Myerstown Borough Code of Ordinances

All municipalities in Pennsylvania operate through local laws, called ordinances, which are adopted by the governing body and enforced to provide for the public health, safety, and welfare of its residents.  Examples of ordinances include the removal of public nuisances; rules (called codes) for an improved quality of life (weed control, removal of non-registered vehicles, animal control, and noise abatement are examples); and aesthetic improvements such as land development and zoning ordinances.  Local 

Myerstown Borough's current Code of Ordinances was prepared by Keystate Publishers, Inc., and adopted by Borough Council on December 10, 2013, by Ord. 818.

The Code contains four parts which are:
  1. The valid current ordinances of the Borough of Myerstown contained in Chapters 1 through 27.
  2. The Appendix, which lists by abstracted title all ordinances of a temporary or “one time” nature.
  3. The Table to the disposition of each ordinance ever enacted by the Borough of Myerstown.
  4. The Index, which is an alphabetical arrangement of subjects.
The Appendix consists of several general categories containing a chronological listing of short subject descriptions along with a reference to the original ordinance and its date of enactment, if known.

The Table to the disposition indicates what action has been taken by the Borough of Myerstown Borough Council with regard to every ordinance ever enacted.  An ordinance has either been:
  1. Specifically repealed,
  2. Superseded by another ordinance,
  3. Is located in a Chapter of the Code book, or
  4. Is located in the Appendix. 
Annual tax rate and budget ordinances are located only in the Table.  The Table is a cross reference to the original ordinance books of the Borough of Myerstown, and to the location within the Code of each ordinance by number.

The Myerstown Borough Code of Ordinances are codified online by the American Legal Publishing Corporation

Pennsylvania Constitution, State Statutes, and State Regulations
Pennsylvania Constitution.  The Pennsylvania Constitution is the foundation of our state government. Our first Constitution was adopted in 1776 and was a framework for the U.S. Constitution, which did not take effect until 1789.

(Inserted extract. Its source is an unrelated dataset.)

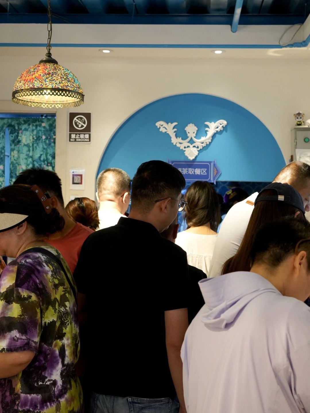 外擺區(qū)坐得滿滿當(dāng)當(dāng),排隊(duì)的客人也從柜臺(tái)延伸至門口。

Unconsolidated Statutes.  The Laws of Pennsylvania, also referred to as the Pamphlet Laws, have been recognized as official law since December 1, 1801.  Acts are numbered by the Department of State and published by the Legislative Reference Bureau as separate official documents known as slip laws before publication in bound editions as the Laws of Pennsylvania.  Unconsolidated Statutes

Consolidated Statutes.  The Laws of Pennsylvania contain laws enacted as amendments to the Pennsylvania Consolidated Statutes, the official statutory codification established by the General Assembly under the act of November 25, 1970 (P.L.707, No.230). These laws have been incorporated into a separate official publication since 1975.

Pennsylvania Code.  The Pennsylvania Code is an official publication of the Commonwealth of Pennsylvania. It contains regulations and other documents filed with the Legislative Reference Bureau under the act of July 31, 1968 (P. L. 769, No. 240) (45 P. S. §§ 1102, 1201—1208 and 1602) and 45 Pa.C.S. Chapters 5, 7 and 9, known as the Commonwealth Documents Law (CDL). It consists of 55 titles.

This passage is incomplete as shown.